▶ Work item: Only the lines from the one containing "The Remi Dining" through the end of the listing are to be repeated, exactly and without pictures.

*** Opening of Data extract ***

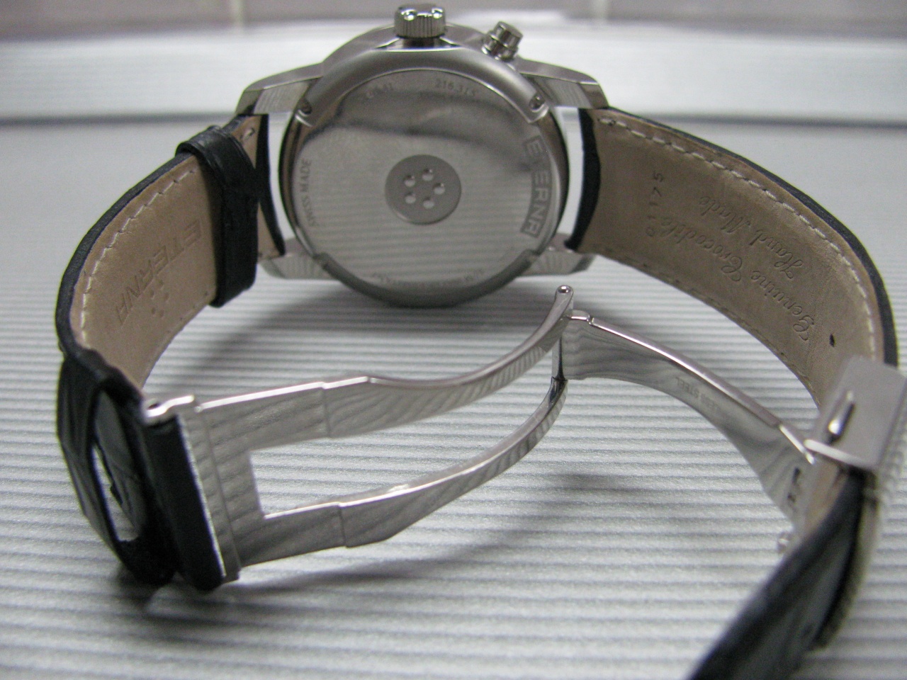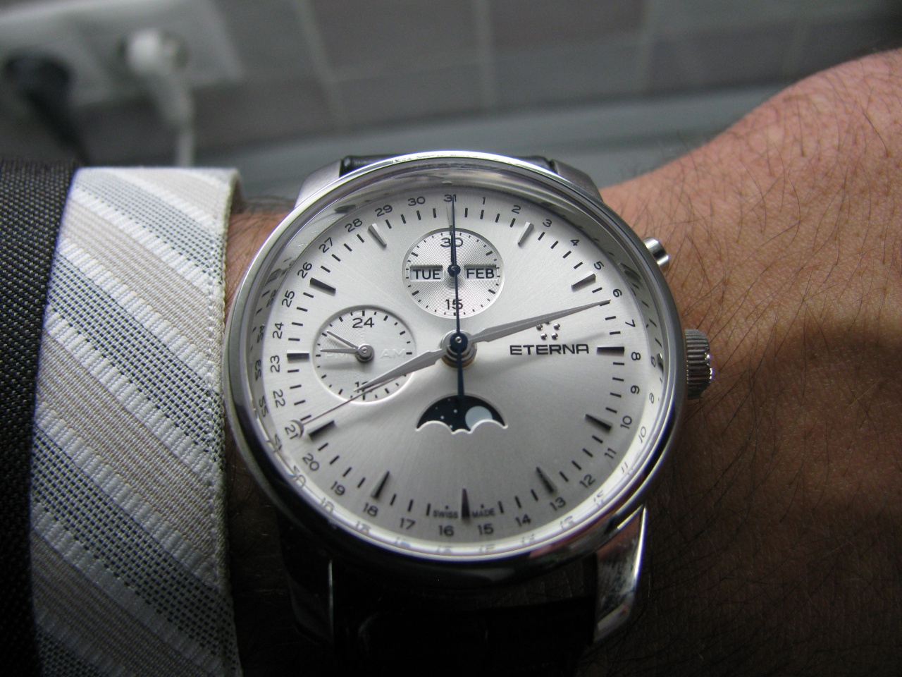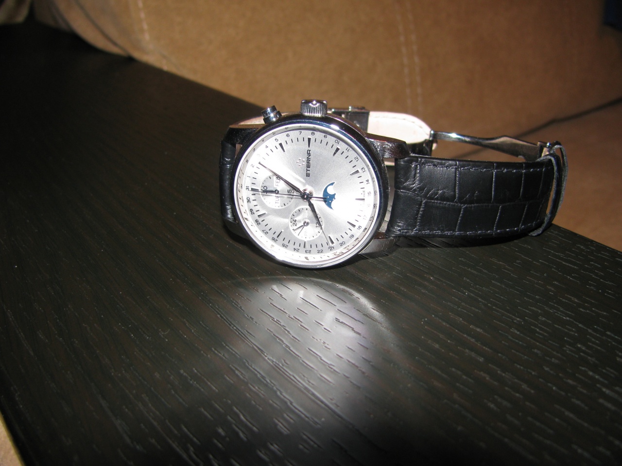 Очень хотел стать обладателем часов из серии Longines Master Collection Retrograde, но видно пока не судьба. Совершенно неожиданно неделю назад,я стал обладателем часов Eterna Soleure Chronograph Moonphase. Неожиданность обусловлена интересным ценовым предложением на форуме, желание иметь часы с лунником ну и разбавить свой парк кварца достойной механикой. Что могу сказать:часы великолепны, хотя и брал без примерки, ориентируюсь по фото и диаметру часов. Жаль конечно, что задняя крышка выполнена не из стекла. Ещё родной ремешок маловат. В целом же очень положительные эмоции вызывает. У многих производителей есть аналогичные модели, но по моему вкусу, здесь не перегружен циферблат. Очень строго и со вкусом. В большей степени конечно, подойдут под костюм, но как по мне, модель универсальна, и подойдет в том числе к джинсам и свитеру . Бегут вперёд на 7-8 сек в сутки. Вопрос к знатокам:стоит ли нести в мастерскую, для калибровки точности хода? |
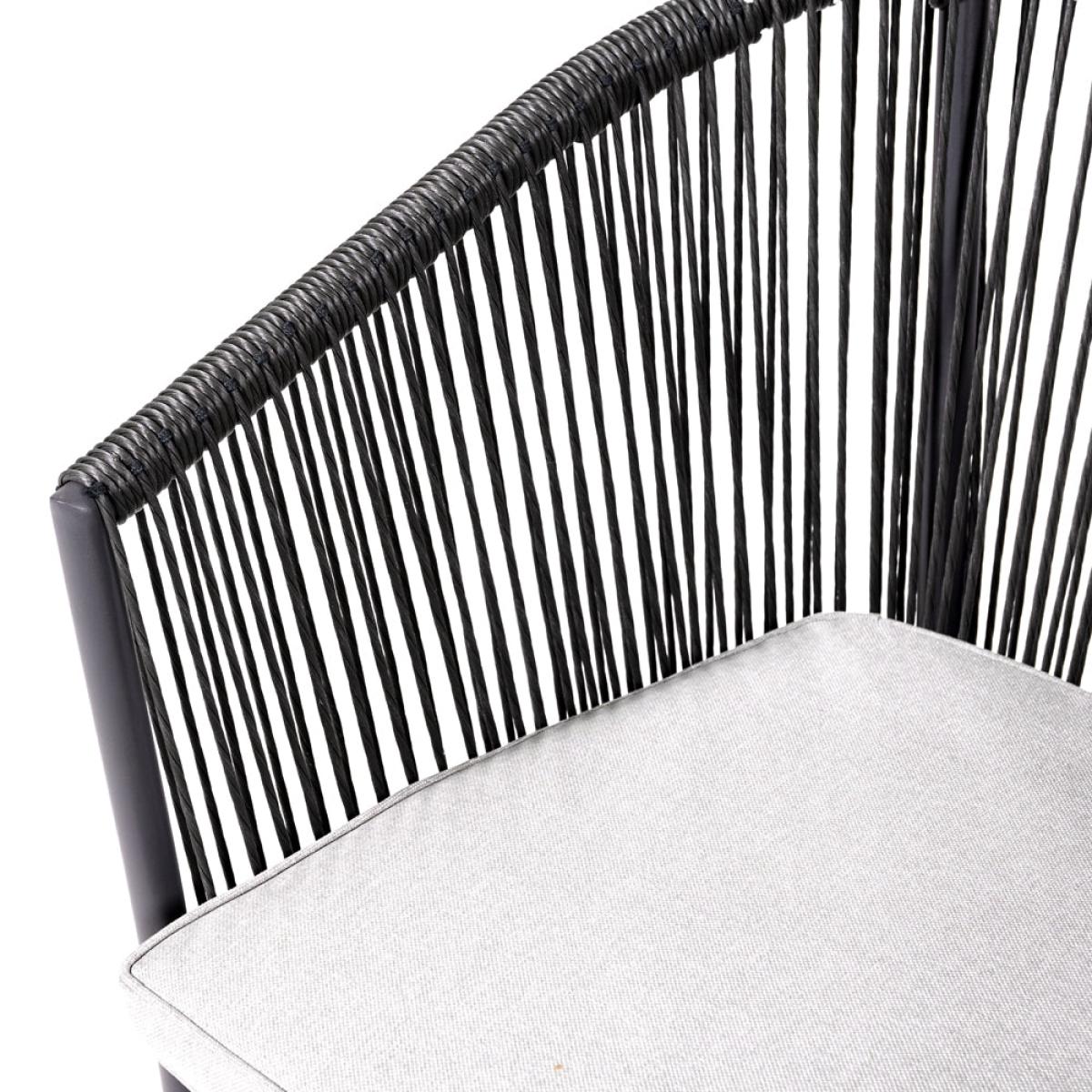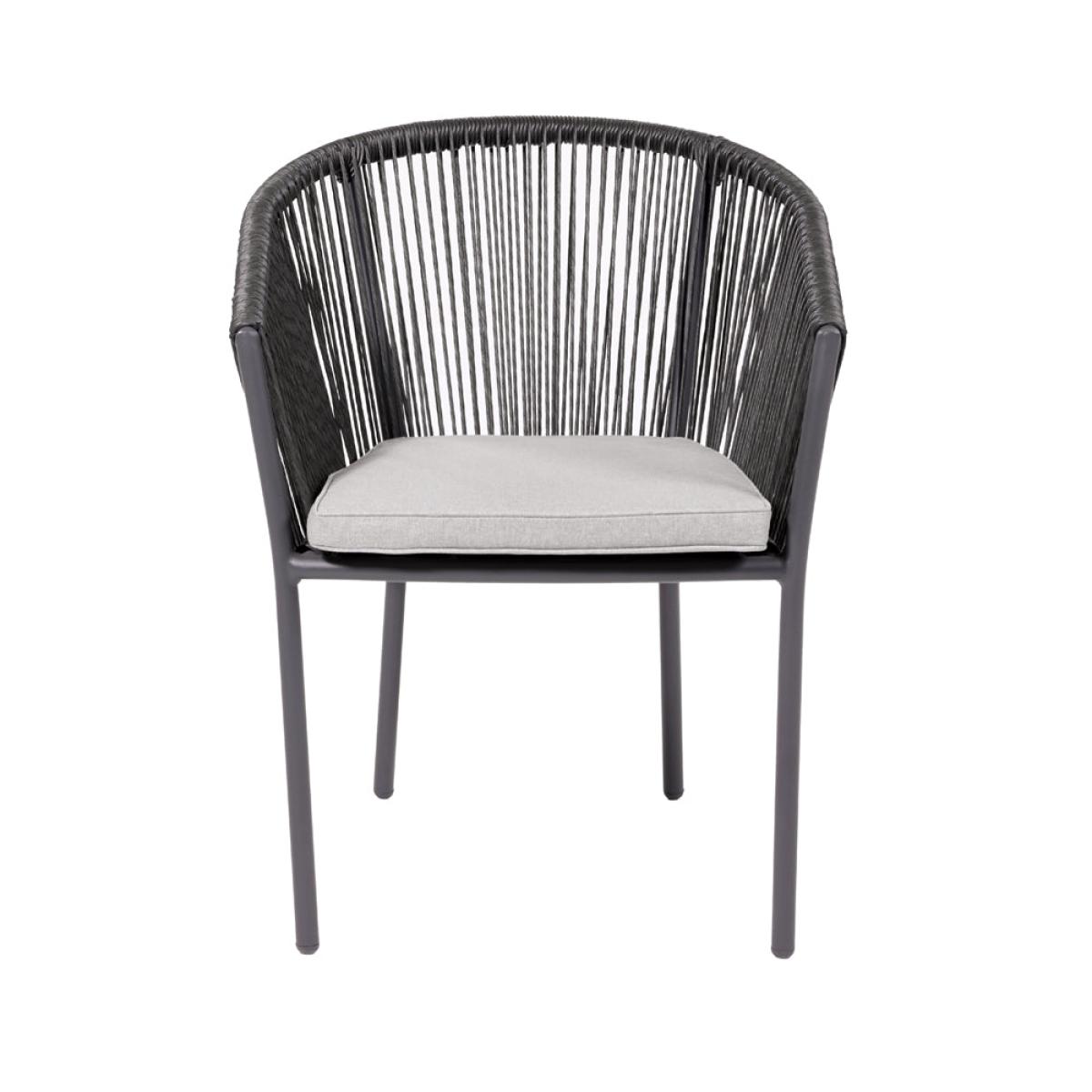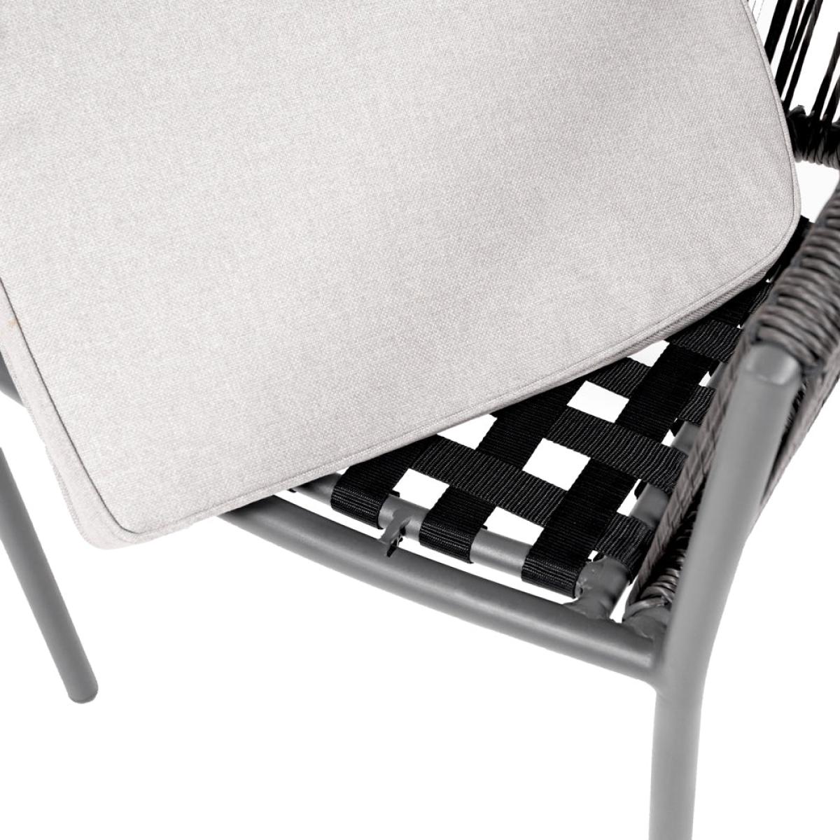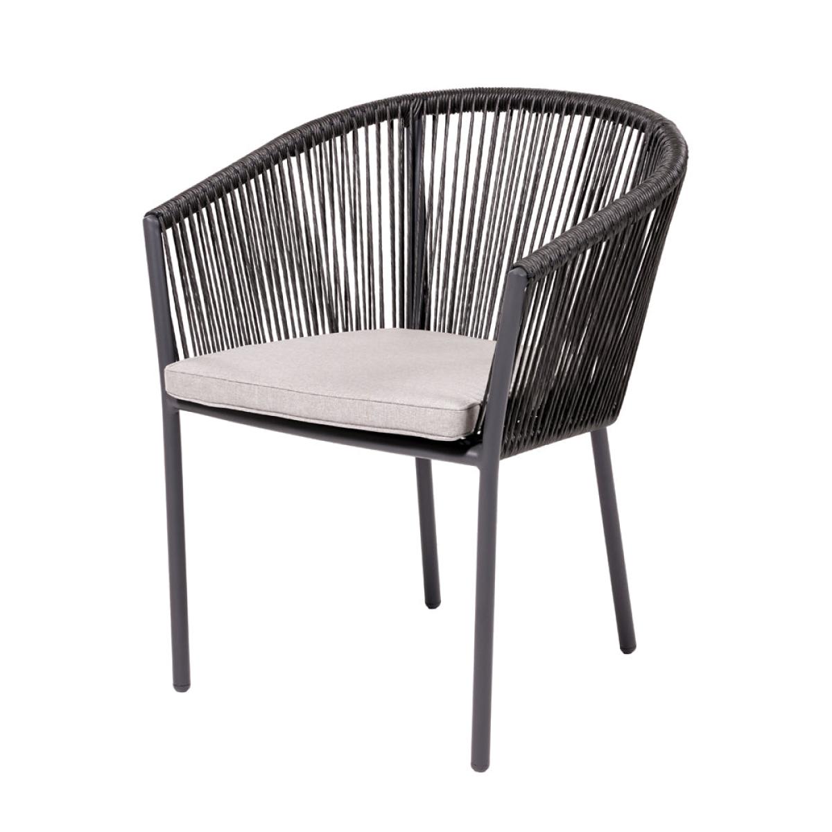The Remi Dining Set is available in grey twisted Polystring. This modern dining set includes an Acacia wood-topped table and six contemporary dining chairs including a seat pad for added comfort. The chairs are easily stackable to keep them neat and tidy when not in use. The frame is powder-coated aluminium to ensure maximum protection from inclement weather. Each chair is topped with a soft natural cushion, making this the perfect place to relax.
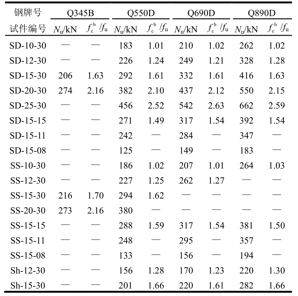 本试验50组试件的极限承载力Nu汇总于表4。为便于比较结果,设置表4中每一行为相同几何尺寸试件,每一列为相同的钢材等级试件。根据式(1)可由受剪破坏试件的极限承载力算得其承压强度值,即

*** Close of Data extract ***

▶ Output for this exercise:
The Remi Dining Set is available in grey twisted Polystring. This modern dining set includes an Acacia wood-topped table and six contemporary dining chairs including a seat pad for added comfort. The chairs are easily stackable to keep them neat and tidy when not in use. The frame is powder-coated aluminium to ensure maximum protection from inclement weather. Each chair is topped with a soft natural cushion, making this the perfect place to relax.
 本试验50组试件的极限承载力Nu汇总于表4。为便于比较结果,设置表4中每一行为相同几何尺寸试件,每一列为相同的钢材等级试件。根据式(1)可由受剪破坏试件的极限承载力算得其承压强度值,即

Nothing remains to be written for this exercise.